Deeper Dive: without

without preposition [OE. withoute, withouten, AS. wiðtan; wið with, against, toward + tan outside, fr. t out. See With, preposition, Out.]

1. On or at the outside of; out of; not within; as, without doors.
Without the gate
Some drive the cars, and some the coursers rein. Dryden.
2. Out of the limits of; out of reach of; beyond.
Eternity, before the world and after, is without our reach. T. Burnet.
3. Not with; otherwise than with; in absence of, separation from, or destitution of; not with use or employment of; independently of; exclusively of; with omission; as, without labor; without damage.
I wolde it do withouten negligence. Chaucer.

Wise men will do it without a law. Bacon.

Without the separation of the two monarchies, the most advantageous terms . . . must end in our destruction. Addison.
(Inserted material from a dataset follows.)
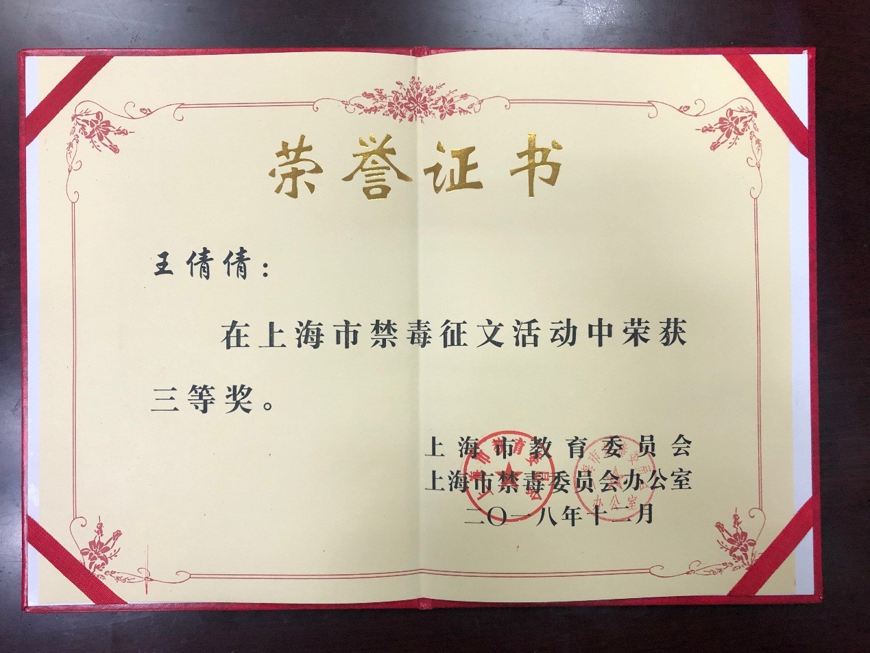 经上海市教育委员会、上海市禁毒委员会办公室对全市征文的评审,在大学组五名获奖人员中有两名为我校学生,我校中法埃菲时装设计师学院学生杨子乔荣获二等奖,服装学院学生王倩倩荣获三等奖。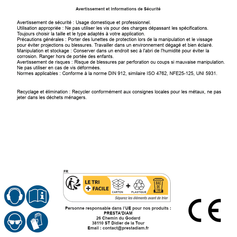 | AVERTISSEMENT et SECURITE | Identification de la personne responsable dans l’UE : Nom : PRESTA'DIAM. Adresse : 26 Chemin du Godard, 38110 ST Didier de la Tour (France). Email : contact@prestadiam.fr. |

There is no living with thee nor without thee. Tatler.
To do without
See under Do.
Without day [a translation of L. sine die]
without the appointment of a day to appear or assemble again; finally; as, the Fortieth Congress then adjourned without day.
Without recourse
See under Recourse.
With-out′ conjunction Unless; except; – introducing a clause.
You will never live to my age without you keep yourselves in breath with exercise, and in heart with joyfulness. Sir P. Sidney.
☞ Now rarely used by good writers or speakers.

With-out′ adverb
1. On or art the outside; not on the inside; not within; outwardly; externally.
Without were fightings, within were fears. 2 Cor. vii. 5.
2. Outside of the house; out of doors.
The people came unto the house without. Chaucer.